Sir Mark Walport: No. I am not sure that it was a formal review with a formal written report, but I have regular meetings with Sue Owen, the permanent secretary, on this subject, and she knows that I am keen that there should be a chief scientist.
Q29 Pamela Nash: There are no plans to put the findings of that review in the public domain.
Sir Mark Walport: I think it is for that Department to decide what to do with it.
Q30 Pamela Nash: But as far as you are aware—I am not asking your opinion—that is not the plan.
Sir Mark Walport: The answer is that I do not know.
Q31 Pamela Nash: Our understanding is that a principal scientific adviser or officer has already been appointed within the Department. Is that right?
Sir Mark Walport: No. They have been doing some informal work with Professor Bernard Silverman, the CSA at the Home Office, and he has been providing support.
Q32 Pamela Nash: I should have said “scientific officer”, not CSA. Has a scientific officer been appointed?

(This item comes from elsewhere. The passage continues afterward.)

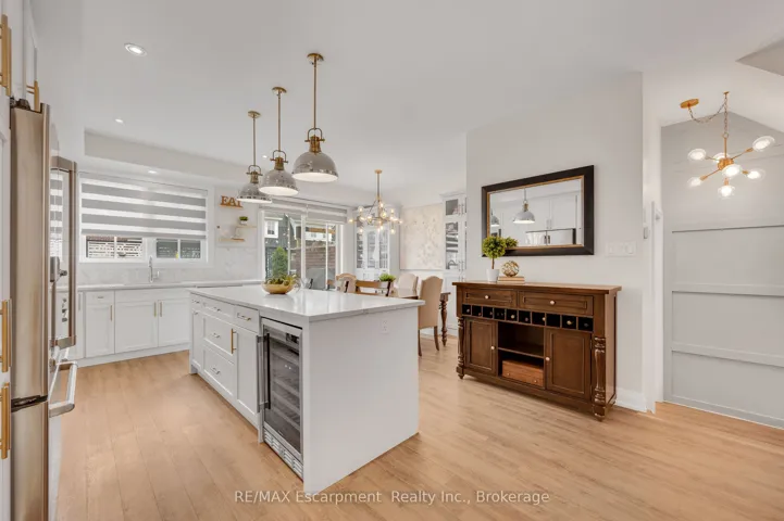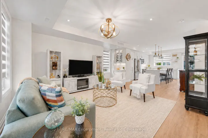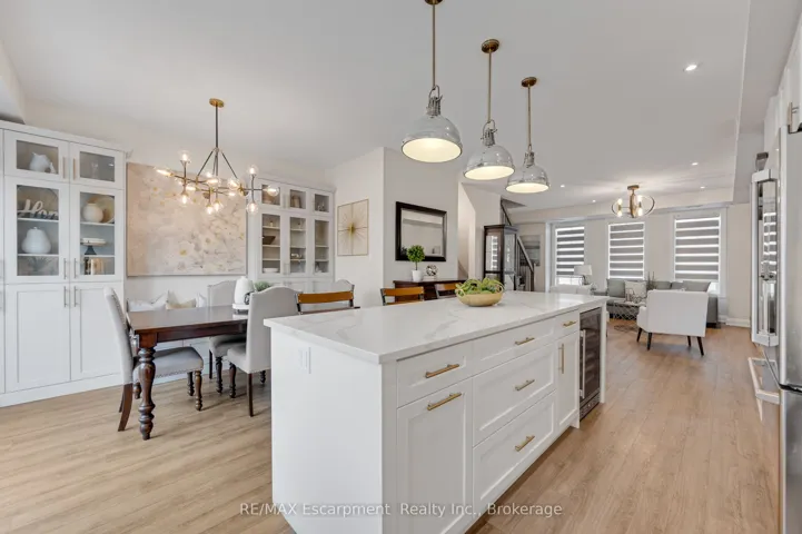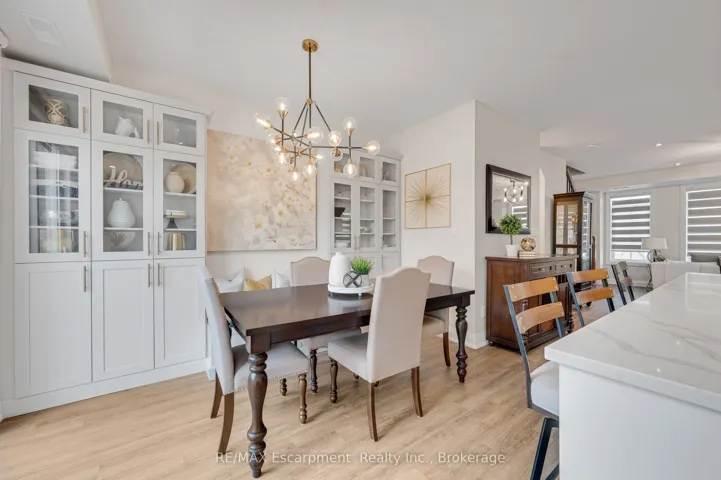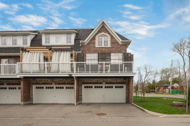 +"PublicRemarks": "Rarely offered end-unit with a traditional layout and an exceptional amount of natural light - one of the most functional and desirable floor plans in the complex. With windows on three sides, this home is bright, open, and thoughtfully finished with custom built-ins throughout - offering both style and everyday practicality. Built by Dawn Victoria Homes and ideally located in the heart of Burlington, you're minutes to shopping, transit, top-rated schools, and downtown. At nearly 1,900 sqft, the layout is both functional and flexible. The main level offers a versatile bonus space - perfect for a family room, home office, or guest area - along with a powder room. Upstairs, the open-concept living space is designed for real life and entertaining, featuring pot lights, custom window coverings, and a built-in bar. The kitchen is crisp and well-executed, with white cabinetry, a herringbone backsplash, GE Cafe stainless steel appliances, and a large 8ft island that anchors the space. Bonus gas line available for a gas stove. It connects seamlessly to the private terrace - ideal for BBQs, morning coffee, or an easy outdoor extension of the home, with two gas lines ready to go. Both bedrooms offer their own ensuites and walk-in closets - an incredibly functional and desirable feature. Laundry is conveniently located on the bedroom level. The basement adds valuable flexibility for storage, a home gym, or future finished space - with a bathroom rough-in already in place. All just steps to the Waterfront Trail, Central Park, the library, and Burlington's vibrant downtown - restaurants, shops, and the lake all within walking distance. Low-maintenance living, done right."

Sir Mark Walport: I am not sure of the answer to that.
Q33 Pamela Nash: It is our understanding that the scientific officer has been asked to set up a committee to assess whether it is within a Department’s requirements to have a CSA. Is it your understanding that there is going to be another review within the Department to look at the possibility of a chief scientific adviser?
Sir Mark Walport: The DCMS are basically still assessing the feasibility of a CSA for the Department.
Q34 Chair: Feasibility or necessity.
Sir Mark Walport: I think it is a necessity, but you would need to ask the permanent secretary.
Q35 Chair: It is the chief scientist’s view that it is a necessity.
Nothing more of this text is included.